= Records excerpted from a collection =
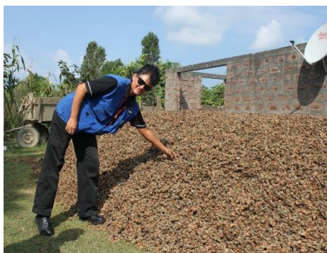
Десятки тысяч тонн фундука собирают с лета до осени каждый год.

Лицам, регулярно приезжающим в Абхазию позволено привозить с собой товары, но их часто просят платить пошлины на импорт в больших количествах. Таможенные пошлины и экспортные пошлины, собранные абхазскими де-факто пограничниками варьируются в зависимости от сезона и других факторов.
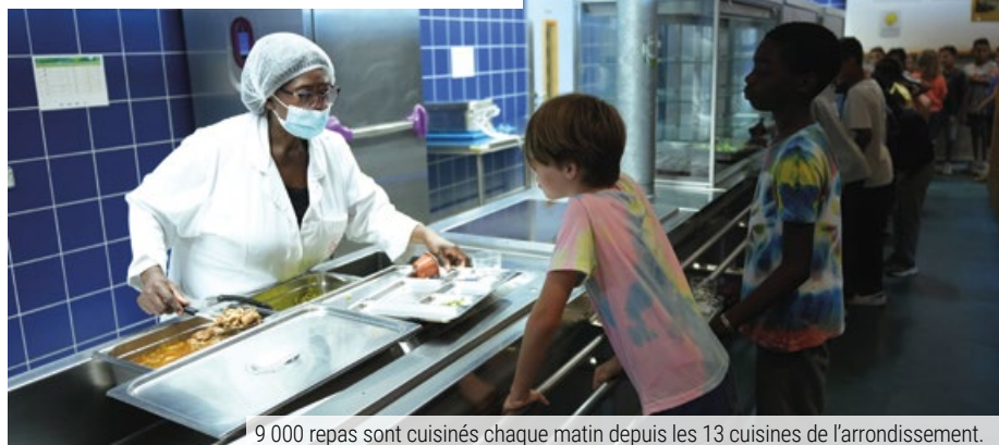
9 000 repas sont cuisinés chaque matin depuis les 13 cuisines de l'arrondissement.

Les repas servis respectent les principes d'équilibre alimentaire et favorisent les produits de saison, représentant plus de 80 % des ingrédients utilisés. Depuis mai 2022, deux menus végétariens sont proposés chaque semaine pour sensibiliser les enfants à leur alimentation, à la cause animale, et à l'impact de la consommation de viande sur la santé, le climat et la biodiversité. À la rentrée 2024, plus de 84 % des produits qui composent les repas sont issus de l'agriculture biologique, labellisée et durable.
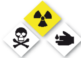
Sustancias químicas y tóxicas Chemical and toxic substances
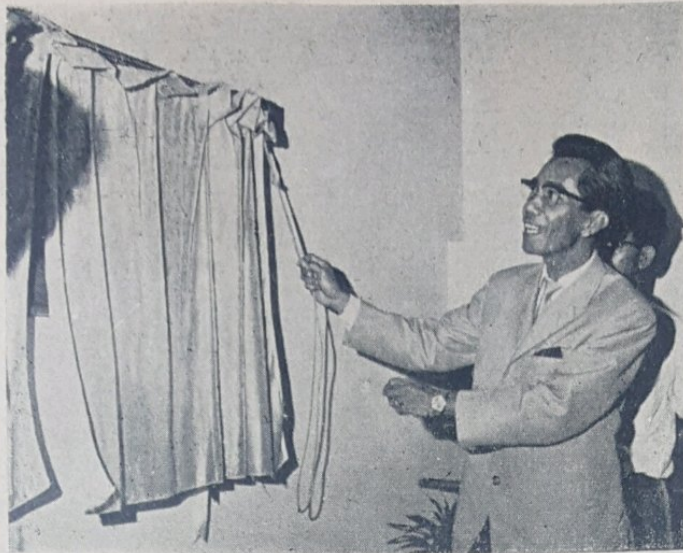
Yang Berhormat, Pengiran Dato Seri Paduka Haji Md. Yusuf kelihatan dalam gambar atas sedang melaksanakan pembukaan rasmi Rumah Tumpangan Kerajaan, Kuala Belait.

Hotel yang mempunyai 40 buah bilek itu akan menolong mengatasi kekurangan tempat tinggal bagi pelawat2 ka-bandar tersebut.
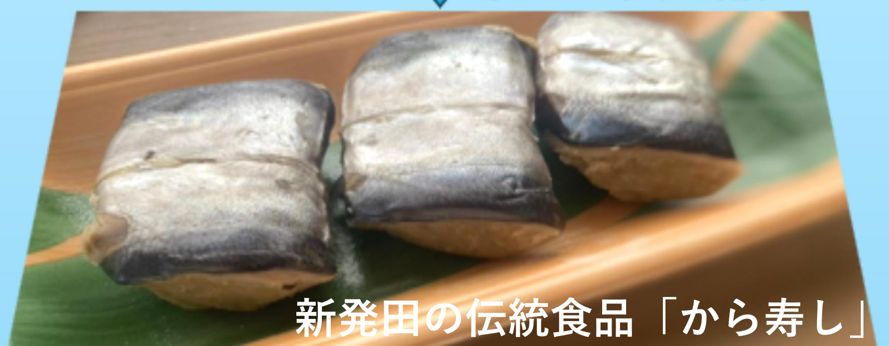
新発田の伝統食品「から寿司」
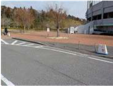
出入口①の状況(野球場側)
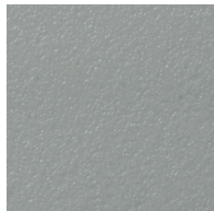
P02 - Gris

= PROBLEM DETAILS =
Please return only the lines from the one holding "Hotel yang mempunyai" through the end of the data, both ends included; do not copy any pictures.

= SOLUTION TO THE EXERCISE =
Hotel yang mempunyai 40 buah bilek itu akan menolong mengatasi kekurangan tempat tinggal bagi pelawat2 ka-bandar tersebut.
新発田の伝統食品「から寿司」
出入口①の状況(野球場側)
P02 - Gris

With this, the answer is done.